If you need any kind testing please ping me. I'll take even experimental stuff, debug patches for future development and whatever else you may need.

Thx for developing this module.

ocerman commented 4 years ago

@abucodonosor thanks for testing. It looks it is working fine. Both Core and SOC values are present for both CPUs. Both Core/SoC voltages are fine. The current/power is probably not very accurate, but that is known issue.

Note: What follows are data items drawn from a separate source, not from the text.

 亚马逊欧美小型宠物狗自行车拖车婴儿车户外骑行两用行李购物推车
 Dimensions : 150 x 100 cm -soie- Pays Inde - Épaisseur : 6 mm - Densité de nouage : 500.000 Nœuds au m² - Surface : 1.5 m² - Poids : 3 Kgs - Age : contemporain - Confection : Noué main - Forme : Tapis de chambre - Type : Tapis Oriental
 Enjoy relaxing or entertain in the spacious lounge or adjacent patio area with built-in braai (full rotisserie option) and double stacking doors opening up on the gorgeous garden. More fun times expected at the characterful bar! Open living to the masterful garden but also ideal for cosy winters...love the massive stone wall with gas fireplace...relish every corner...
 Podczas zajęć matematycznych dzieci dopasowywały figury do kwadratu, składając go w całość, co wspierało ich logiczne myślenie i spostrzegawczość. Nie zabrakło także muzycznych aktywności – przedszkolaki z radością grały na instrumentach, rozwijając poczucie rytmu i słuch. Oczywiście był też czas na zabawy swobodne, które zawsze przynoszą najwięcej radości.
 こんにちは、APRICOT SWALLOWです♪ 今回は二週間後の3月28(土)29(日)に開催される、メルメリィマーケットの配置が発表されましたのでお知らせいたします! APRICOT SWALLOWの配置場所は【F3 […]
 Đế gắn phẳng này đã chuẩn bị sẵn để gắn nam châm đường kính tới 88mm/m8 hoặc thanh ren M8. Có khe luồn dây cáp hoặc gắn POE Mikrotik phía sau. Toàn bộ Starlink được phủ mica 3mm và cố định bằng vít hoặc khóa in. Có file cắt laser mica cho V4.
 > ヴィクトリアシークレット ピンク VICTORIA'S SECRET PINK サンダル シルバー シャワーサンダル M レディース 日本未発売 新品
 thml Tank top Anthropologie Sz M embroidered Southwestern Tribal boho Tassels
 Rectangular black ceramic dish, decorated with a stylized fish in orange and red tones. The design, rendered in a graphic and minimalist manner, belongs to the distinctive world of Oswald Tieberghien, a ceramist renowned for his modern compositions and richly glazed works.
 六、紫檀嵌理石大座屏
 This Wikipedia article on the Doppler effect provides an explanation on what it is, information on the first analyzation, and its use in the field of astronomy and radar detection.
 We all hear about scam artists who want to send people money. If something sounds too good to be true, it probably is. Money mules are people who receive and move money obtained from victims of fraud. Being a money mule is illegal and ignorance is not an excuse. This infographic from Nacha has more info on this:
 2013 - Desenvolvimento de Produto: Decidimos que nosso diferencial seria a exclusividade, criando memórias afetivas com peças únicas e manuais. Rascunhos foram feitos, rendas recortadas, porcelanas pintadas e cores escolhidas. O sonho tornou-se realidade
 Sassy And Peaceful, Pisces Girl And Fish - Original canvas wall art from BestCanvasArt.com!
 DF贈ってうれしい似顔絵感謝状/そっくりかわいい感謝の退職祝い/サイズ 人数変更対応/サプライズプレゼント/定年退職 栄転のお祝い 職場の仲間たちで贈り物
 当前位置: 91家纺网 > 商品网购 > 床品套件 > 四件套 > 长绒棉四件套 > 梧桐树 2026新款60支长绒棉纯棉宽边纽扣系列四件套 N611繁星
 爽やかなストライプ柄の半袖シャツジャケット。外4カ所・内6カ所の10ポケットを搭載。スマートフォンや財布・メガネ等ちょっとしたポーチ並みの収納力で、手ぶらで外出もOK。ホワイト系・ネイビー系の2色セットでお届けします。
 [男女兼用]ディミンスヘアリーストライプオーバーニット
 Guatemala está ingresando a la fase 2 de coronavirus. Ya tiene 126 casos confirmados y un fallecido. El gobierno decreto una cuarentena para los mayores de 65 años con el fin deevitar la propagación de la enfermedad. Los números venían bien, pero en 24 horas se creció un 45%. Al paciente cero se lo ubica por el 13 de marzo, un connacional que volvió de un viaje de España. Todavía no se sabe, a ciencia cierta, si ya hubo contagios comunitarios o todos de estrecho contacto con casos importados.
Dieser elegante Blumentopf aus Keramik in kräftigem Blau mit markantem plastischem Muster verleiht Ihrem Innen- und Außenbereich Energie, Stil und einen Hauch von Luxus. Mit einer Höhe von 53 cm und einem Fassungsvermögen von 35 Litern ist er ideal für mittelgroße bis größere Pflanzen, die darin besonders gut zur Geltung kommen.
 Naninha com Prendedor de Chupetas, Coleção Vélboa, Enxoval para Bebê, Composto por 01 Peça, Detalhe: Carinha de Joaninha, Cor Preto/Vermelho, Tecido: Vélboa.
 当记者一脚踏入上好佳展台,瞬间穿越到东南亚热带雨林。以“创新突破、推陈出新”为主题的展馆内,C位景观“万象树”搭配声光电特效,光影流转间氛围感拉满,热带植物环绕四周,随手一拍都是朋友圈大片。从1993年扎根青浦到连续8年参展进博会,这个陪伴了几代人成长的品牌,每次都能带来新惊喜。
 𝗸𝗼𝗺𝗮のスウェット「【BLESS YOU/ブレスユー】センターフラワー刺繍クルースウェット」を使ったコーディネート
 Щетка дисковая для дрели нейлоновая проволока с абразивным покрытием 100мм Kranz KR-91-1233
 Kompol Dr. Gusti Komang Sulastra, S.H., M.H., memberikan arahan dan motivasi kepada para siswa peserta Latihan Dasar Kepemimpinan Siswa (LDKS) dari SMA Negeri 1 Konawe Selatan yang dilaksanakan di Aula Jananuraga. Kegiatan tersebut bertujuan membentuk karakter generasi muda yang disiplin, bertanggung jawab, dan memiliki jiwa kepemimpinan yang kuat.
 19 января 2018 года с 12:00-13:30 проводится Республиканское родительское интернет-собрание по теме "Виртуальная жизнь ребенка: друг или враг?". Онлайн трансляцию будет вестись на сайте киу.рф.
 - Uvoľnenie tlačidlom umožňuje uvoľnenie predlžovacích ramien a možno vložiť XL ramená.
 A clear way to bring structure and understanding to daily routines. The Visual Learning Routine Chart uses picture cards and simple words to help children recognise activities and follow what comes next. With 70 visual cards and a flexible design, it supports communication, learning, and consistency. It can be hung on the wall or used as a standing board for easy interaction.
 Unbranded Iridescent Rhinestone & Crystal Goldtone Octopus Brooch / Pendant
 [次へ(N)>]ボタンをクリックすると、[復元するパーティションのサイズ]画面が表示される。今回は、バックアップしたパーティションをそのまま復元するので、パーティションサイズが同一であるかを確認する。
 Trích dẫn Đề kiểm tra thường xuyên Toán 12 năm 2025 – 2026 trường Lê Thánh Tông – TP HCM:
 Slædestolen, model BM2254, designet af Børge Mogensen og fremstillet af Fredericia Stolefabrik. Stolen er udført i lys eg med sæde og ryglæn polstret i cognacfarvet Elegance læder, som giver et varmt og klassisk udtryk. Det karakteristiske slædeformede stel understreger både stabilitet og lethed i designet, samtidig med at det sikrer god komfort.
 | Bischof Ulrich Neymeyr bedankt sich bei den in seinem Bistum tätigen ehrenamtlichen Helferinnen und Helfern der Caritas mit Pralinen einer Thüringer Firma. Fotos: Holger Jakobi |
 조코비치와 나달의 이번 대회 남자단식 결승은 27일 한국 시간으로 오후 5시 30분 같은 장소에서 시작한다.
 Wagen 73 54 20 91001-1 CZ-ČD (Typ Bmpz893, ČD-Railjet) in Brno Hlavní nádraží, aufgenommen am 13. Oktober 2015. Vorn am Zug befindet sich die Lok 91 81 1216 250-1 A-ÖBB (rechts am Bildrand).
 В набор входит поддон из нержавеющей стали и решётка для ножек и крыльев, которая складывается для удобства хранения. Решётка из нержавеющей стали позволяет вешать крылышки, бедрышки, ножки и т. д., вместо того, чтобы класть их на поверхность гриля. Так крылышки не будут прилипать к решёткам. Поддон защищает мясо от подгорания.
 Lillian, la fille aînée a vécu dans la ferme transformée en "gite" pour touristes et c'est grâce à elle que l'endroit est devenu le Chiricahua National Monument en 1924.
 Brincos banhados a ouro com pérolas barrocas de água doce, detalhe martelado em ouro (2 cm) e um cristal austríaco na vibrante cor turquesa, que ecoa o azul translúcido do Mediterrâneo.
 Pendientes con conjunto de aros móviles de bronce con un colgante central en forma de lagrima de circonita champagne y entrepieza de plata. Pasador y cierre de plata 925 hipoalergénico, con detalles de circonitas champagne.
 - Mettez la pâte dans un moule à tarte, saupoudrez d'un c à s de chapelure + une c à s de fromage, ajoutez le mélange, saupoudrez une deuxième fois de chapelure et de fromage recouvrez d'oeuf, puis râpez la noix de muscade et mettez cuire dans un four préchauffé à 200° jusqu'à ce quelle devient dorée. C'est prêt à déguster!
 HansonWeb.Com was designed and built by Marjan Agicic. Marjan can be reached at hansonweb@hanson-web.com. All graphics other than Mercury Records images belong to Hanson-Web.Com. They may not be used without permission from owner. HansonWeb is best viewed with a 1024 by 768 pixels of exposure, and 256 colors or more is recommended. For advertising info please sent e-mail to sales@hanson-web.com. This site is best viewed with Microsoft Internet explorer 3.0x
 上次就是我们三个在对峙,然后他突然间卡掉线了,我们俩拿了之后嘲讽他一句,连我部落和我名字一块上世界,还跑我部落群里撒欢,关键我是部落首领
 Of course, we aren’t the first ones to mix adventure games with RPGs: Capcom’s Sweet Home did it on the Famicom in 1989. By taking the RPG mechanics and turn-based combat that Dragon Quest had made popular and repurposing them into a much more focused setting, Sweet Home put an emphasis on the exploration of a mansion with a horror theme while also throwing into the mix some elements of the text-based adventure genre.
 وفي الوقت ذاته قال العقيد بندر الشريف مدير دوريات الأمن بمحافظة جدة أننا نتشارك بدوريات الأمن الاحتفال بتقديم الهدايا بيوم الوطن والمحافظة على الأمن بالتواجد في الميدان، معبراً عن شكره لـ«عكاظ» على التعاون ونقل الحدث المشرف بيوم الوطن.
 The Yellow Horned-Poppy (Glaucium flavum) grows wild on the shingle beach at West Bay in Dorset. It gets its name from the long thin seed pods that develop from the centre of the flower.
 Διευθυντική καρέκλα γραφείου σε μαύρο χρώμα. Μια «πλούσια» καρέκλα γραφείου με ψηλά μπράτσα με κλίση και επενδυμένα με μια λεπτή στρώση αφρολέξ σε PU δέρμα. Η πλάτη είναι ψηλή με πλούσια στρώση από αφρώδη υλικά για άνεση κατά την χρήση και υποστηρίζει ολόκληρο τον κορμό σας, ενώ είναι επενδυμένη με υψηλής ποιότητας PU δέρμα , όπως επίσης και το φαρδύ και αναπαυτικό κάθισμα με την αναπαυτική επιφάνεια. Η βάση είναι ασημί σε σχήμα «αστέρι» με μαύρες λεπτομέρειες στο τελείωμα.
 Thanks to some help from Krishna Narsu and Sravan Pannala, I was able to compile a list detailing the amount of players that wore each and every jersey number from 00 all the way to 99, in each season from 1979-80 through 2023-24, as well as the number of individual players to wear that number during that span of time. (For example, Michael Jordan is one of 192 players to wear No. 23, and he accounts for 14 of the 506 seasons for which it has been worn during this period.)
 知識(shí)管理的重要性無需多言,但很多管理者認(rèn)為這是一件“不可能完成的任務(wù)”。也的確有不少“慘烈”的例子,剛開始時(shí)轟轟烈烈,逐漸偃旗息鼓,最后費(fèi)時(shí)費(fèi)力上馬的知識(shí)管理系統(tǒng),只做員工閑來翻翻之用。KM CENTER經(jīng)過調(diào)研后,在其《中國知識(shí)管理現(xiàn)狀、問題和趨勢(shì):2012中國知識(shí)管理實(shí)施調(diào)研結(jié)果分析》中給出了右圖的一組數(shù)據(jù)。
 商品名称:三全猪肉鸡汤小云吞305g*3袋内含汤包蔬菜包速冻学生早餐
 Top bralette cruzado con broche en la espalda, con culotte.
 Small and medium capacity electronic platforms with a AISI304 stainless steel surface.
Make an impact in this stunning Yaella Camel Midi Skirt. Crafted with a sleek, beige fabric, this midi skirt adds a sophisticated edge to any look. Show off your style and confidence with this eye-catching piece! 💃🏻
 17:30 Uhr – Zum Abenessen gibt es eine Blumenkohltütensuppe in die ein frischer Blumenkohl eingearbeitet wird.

I will do another commit with updated sensor labels.

abucodonosor commented 4 years ago

@ocerman

To me, it seems SoC Voltage is read from the second CPU only, which can be checked at least from ipmi sensors.

crazy@ant:~/zenpower$ sensors zenpower-* | grep SVI2_SoC
SVI2_SoC:    938.00 mV 
SVI2_SoC:    938.00 mV 
crazy@ant:~/zenpower$ sudo ipmi-sensors | grep SOCRUN
3287 | P1_SOCRUN       | Voltage           | 0.98       | V     | 'OK'
3354 | P2_SOCRUN       | Voltage           | 0.94       | V     | 'OK'

That is 0.938V which matches P2_SOCRUN Voltage.

As for power and current, it may also depend on how the BIOS is set up, performance, powersave etc. But that is not much of an issue right now, at least it works.

ocerman commented 4 years ago

@abucodonosor can you try last commit? it should add cpu number to sensor labels when dual cpus are installed.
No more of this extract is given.